Fred explained that the Supreme Allied Commander, General Eisenhower, had visited this camp, called Ohrdruf, and directed his commanders to arrange for American soldiers to see it. He feared people would try to deny what had happened and wanted as many witnesses as possible to be able to testify to the horror of what they had seen there.

Fred’s Battery D was near Linz, Austria when they heard the German government had surrendered. The Army shipped them to redeployment camps in France. Fred describe that time.

“The war in the Pacific was still going on and there was a lot of scuttlebutt with everybody wondering are we going home or are we going to the Pacific? You had to wait in these camps: Lucky Strike and Chesterfield, cigarette names. It was kind of relaxed. They gave us a furlough and I spent a week on the southern coast of France on the Riviera. I had a good time.”

Fred laughed as he described his trip back across the Atlantic.

“When they loaded us on a boat to come back, it was not the Queen Elizabeth. I felt a little queasy on the smaller boat coming home. One day I finished my meal and had gone to the head to clean up my mess kit and was going to leave when this kid come barging through the door with his cheeks full. I just backed up against the wall and let him by and just as he went in front of me, he let it go. I just followed him over and dumped [my lunch], too.”

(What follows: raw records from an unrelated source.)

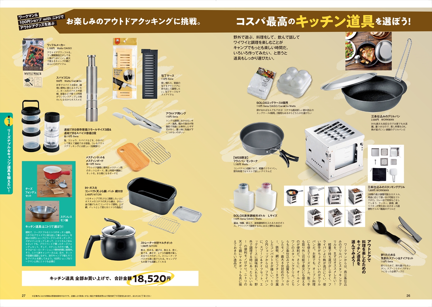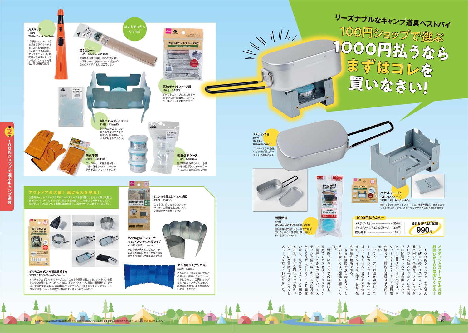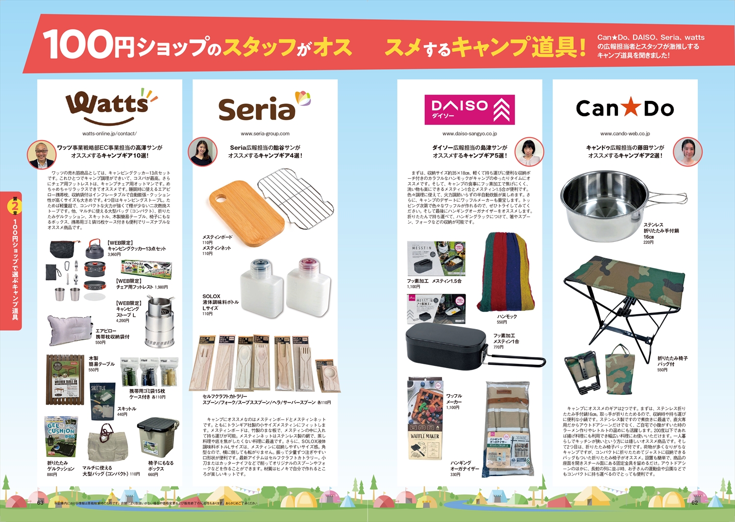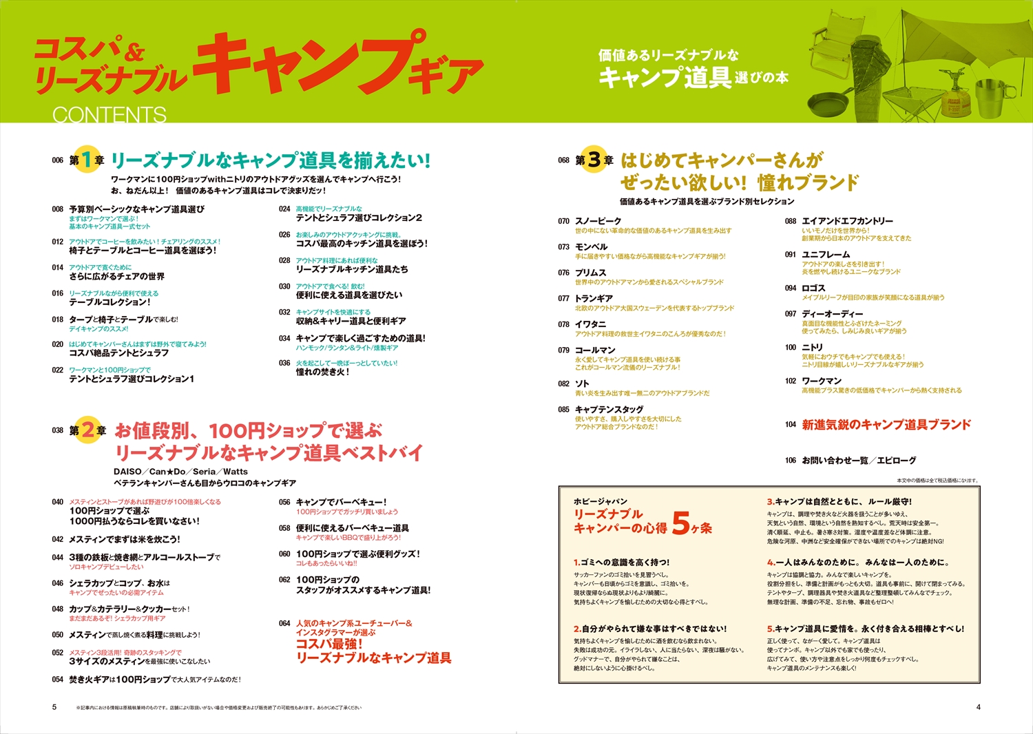 はじめてのキャンプの道具を選ぶキャンパーさんも、少しずつキャンプ道具を増やしているコレからキャンパーさんも、安いものには疑いの目を向けてしまうベテランキャンパーさんにも、安価だけど使えるアイテム、長く使えるコストパフォーマンス最強のキャンプ道具を、一冊まるごと徹底レビューいたします。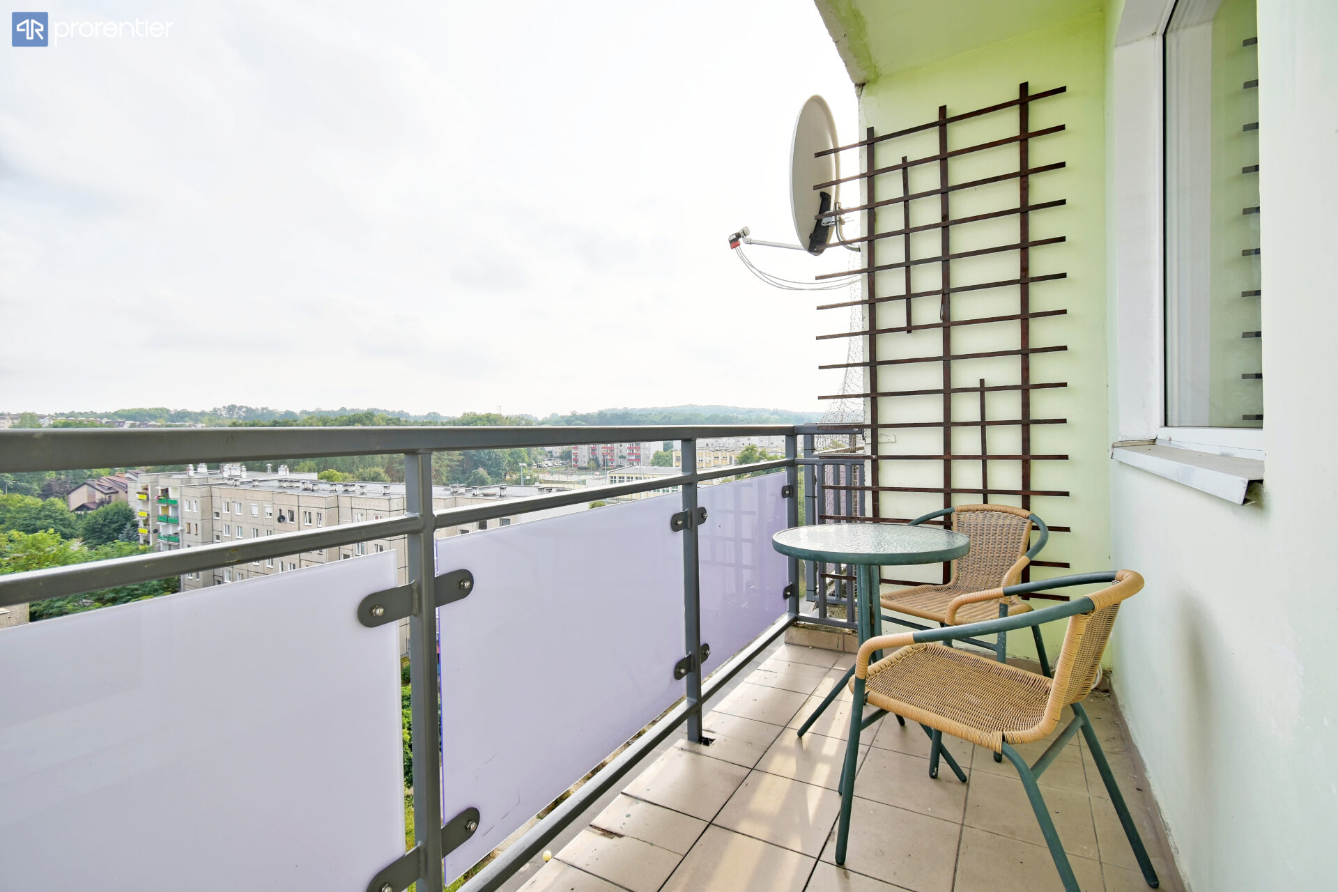 To mieszkanie ma powierzchnię użytkową około 48,30 m2 jest położone na 8 piętrze budynku z windą, z którego rozpościera się piękny widok na okoliczne lasy. Budynek jest zarządzany przez Spółdzielnię Mieszkaniową Kisielin. Okna w lokalu mają ekspozycję południową. Kuchnia jest oddzielnym pomieszczeniem otwartym na przedpokój. Do dyspozycji użytkowników jest również duży balkon w typie loggii oraz duża i jasna komórka lokatorska z oknem. W skład mieszkania wchodzą: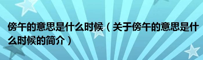 本文關(guān)于傍午的意思是什么時候的簡介就講解完畢,希望對大家有所幫助。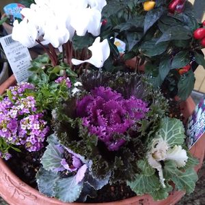 葉牡丹の寄せ植えつくりました。お正月に玄関前に出動予定です✨ その前にアリッサムの花が先終わりそうな感じが。。 今切り戻すべきか悩み中🤔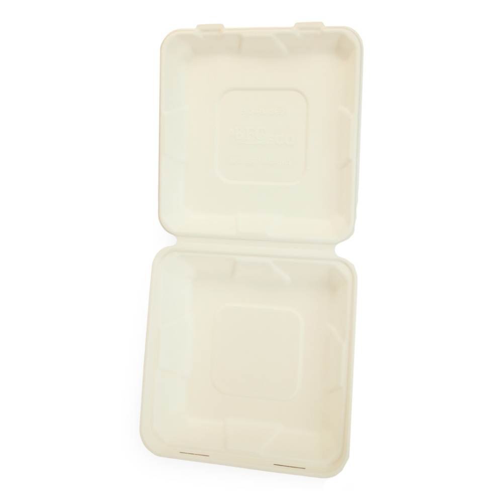 Set 250 Caserole Biodegradabile cu Capac pentru Meniu din Fibra Lemnoasa, Dimensiune 215x215x60 mm, 1 Compartiment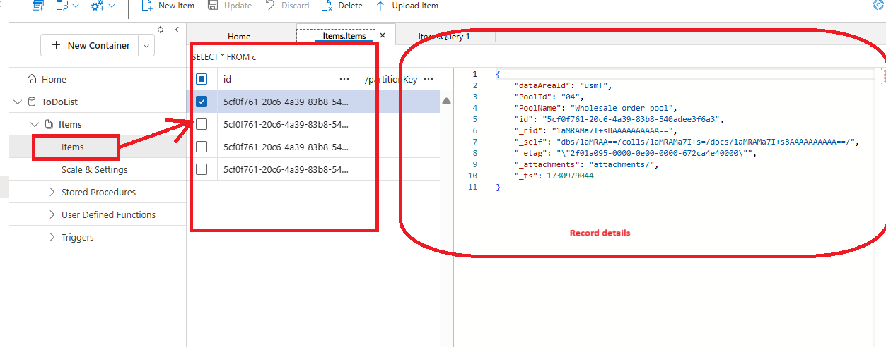 It's showing the records in JSON format. Alternately you can directly see all the records, by clicking on items themselves:Querying a CosmosDb
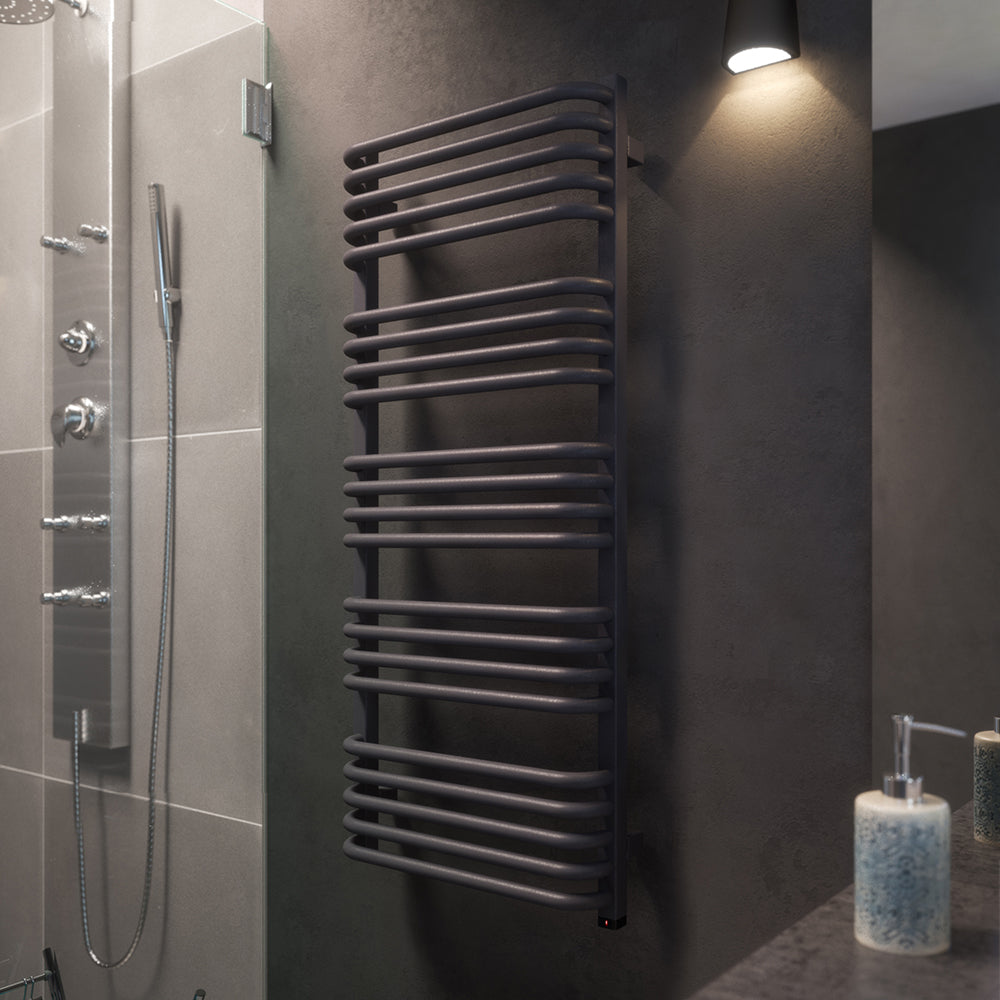 Alex One - Modern Grey Electric Towel Rail H1140mm x W500mm 600w Thermostatic
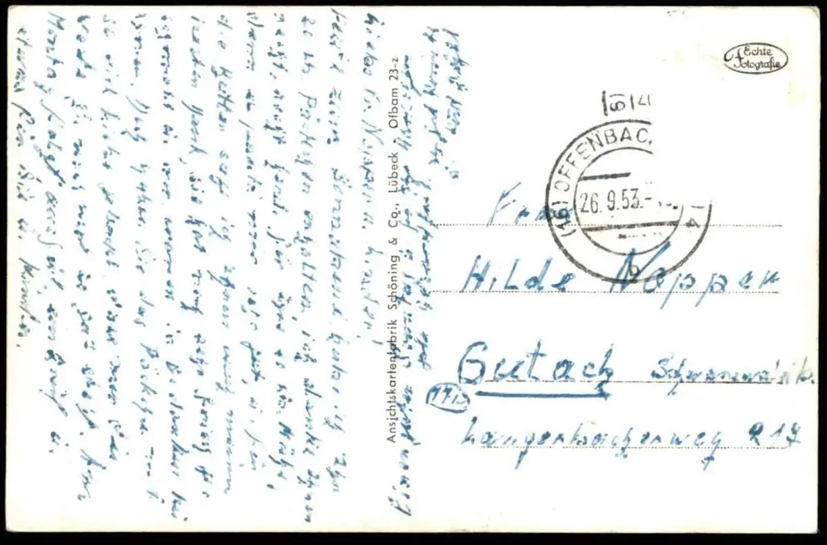 ÄLTERE POSTKARTE GRÜSSE AUS DER LEDERSTADT OFFENBACH FRANKFURTER STRASSE KAISERSTRASSE UND BAHNHOF LEDERWAREN MESSEHALLE ANLAGEN AM DREIECKRINGVerlag: Schöning & Co., LübeckGelaufen: 26.09.1953 mit Stempel Offenbach nach Gutach, Briefmarke (sauber) entfernt,Erhaltung (s. Scan): gut, starker Stempelabschlag / 915909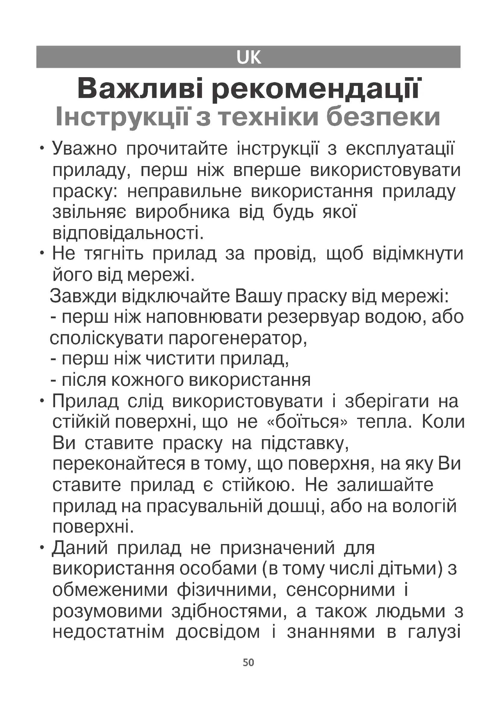 - Уважно прочитайте інструкції з експлуатації приладу, перш ніж вперше використовувати праску: неправильне використання приладу звільняє виробника від будь якої відповідальності.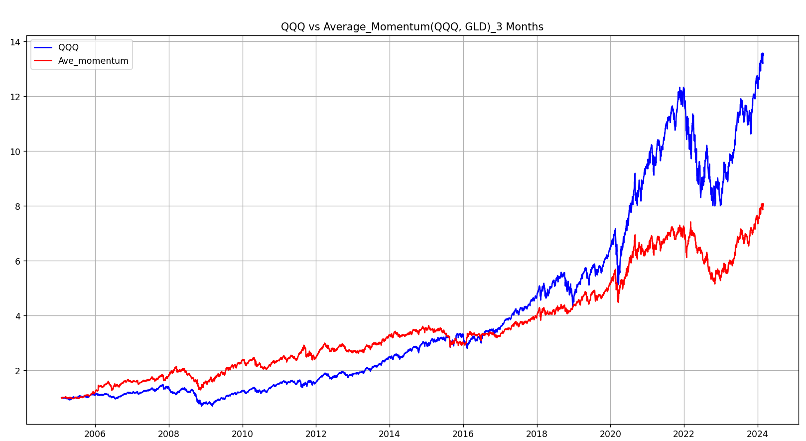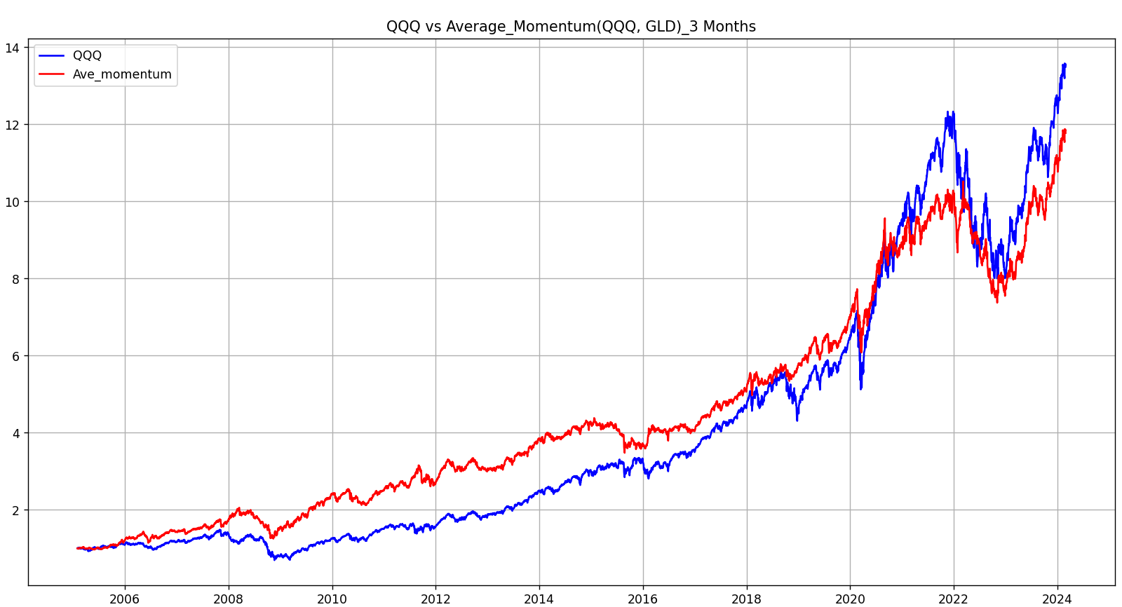 자산은 QQQ와 GLD를 평균모멘텀스코어라는 방법을 통해 동적자산분배를 매월 리밸런싱을 통해 진행할 예정입니다. 백테스트 기간은 2005년 1월 2일부터 2024년 2월 29일까지 입니다.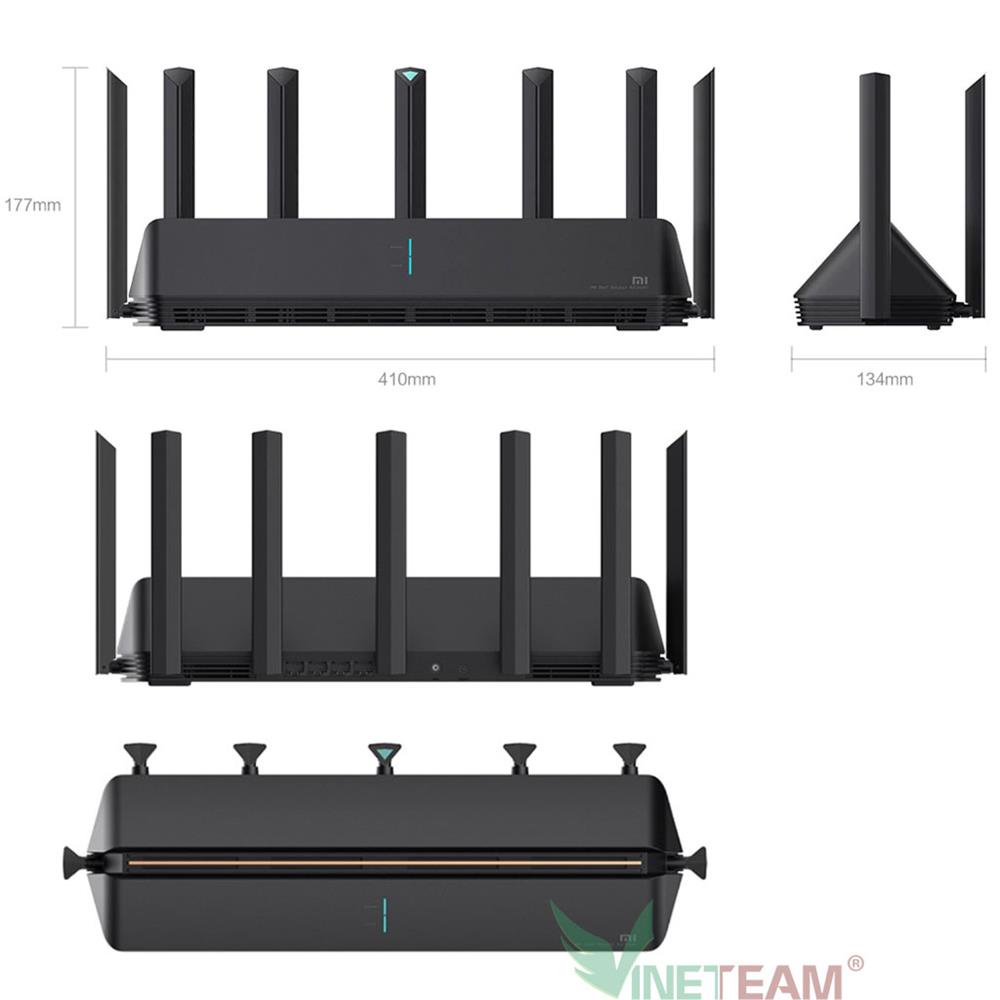 ROUTER WIFI XIAOMI AX3600 được thiết kế hiện đại, vẻ ngoài hầm hố với kích thước là 410x177x134 mm. Phần vỏ bên ngoài có màu đen được hoàn thiện từ chất liệu nhựa cao cấp tạo nên vẻ cứng cáp, đồng thời còn giúp Router bền bỉ hơn, chịu được va đập. Toàn bộ Router có tổng cộng 7 ăng-ten, giúp sản phẩm có khả năng truyền phát sóng tốt để đảm bảo chất lượng mạng được tốt nhất và cũng làm tăng thêm vẻ ngoài bắt mắt của sản phẩm.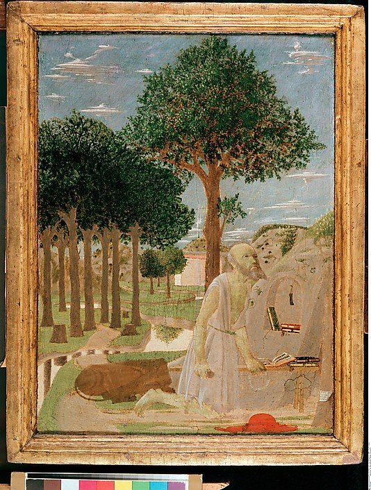- Piero della Francesca, “Saint Jerome in the Wilderness”, 1450, Tempera on wood, from Gemäldegalerie, Staatliche Museen zu Berlin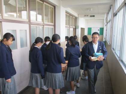 係生徒が、みそ汁を入れてくれています。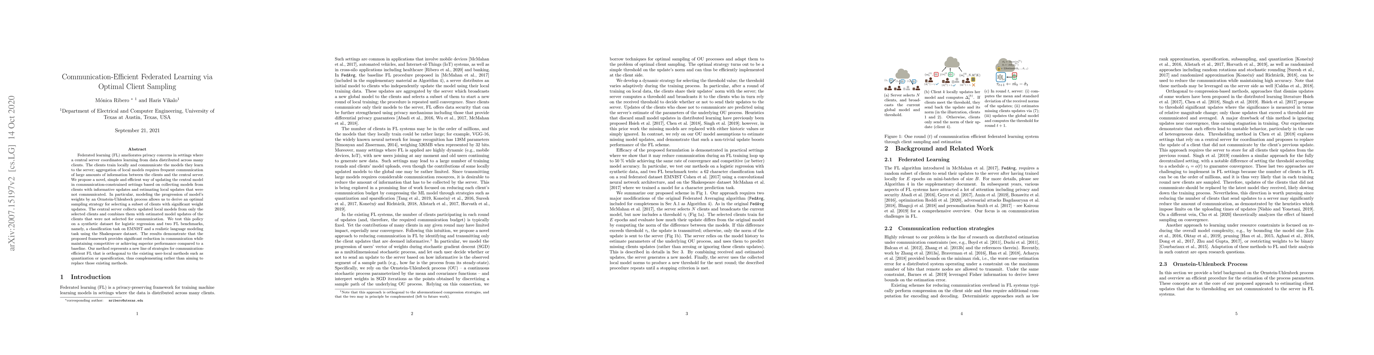 Federated learning (FL) ameliorates privacy concerns in settings where a central server coordinates learning from data distributed across many clients. The clients train locally and communicate the models they learn to the server; aggregation of local models requires frequent communication of large amounts of information between the clients and the central server. We propose a novel, simple and efficient way of updating the central model in communication-constrained settings based on collecting models from clients with informative updates and estimating local updates that were not communicated. In particular, modeling the progression of model's weights by an Ornstein-Uhlenbeck process allows us to derive an optimal sampling strategy for selecting a subset of clients with significant weight updates. The central server collects updated local models from only the selected clients and combines them with estimated model updates of the clients that were not selected for communication. We test this policy on a synthetic dataset for logistic regression and two FL benchmarks, namely, a classification task on EMNIST and a realistic language modeling task using the Shakespeare dataset. The results demonstrate that the proposed framework provides significant reduction in communication while maintaining competitive or achieving superior performance compared to a baseline. Our method represents a new line of strategies for communication-efficient FL that is orthogonal to the existing user-local methods such as quantization or sparsification, thus complementing rather than aiming to replace those existing methods.

Fred’s unit landed in Virginia and the Army discharged him from Camp Grant, IL. He received a rail ticket to Hawarden. IA where a friendly civilian drove him to his parent’s front door in Sioux City.

Fred met his wife, Vi, through a friend and discovered he had served with her brother in the 546th AWB.

The Great Northern Railroad hired Fred and trained him as a station agent, eventually sending him to the station in Green Valley, MN. He later managed the larger station in Marshall where he worked until his retirement.

Fred reflected on lessons from his time in service.

“Well, you don’t think of yourself as an individual. You are a part of a group and you function as a group and you depend on each other in a group.”

Thank you for your service, Fred, and the lessons you brought into our community.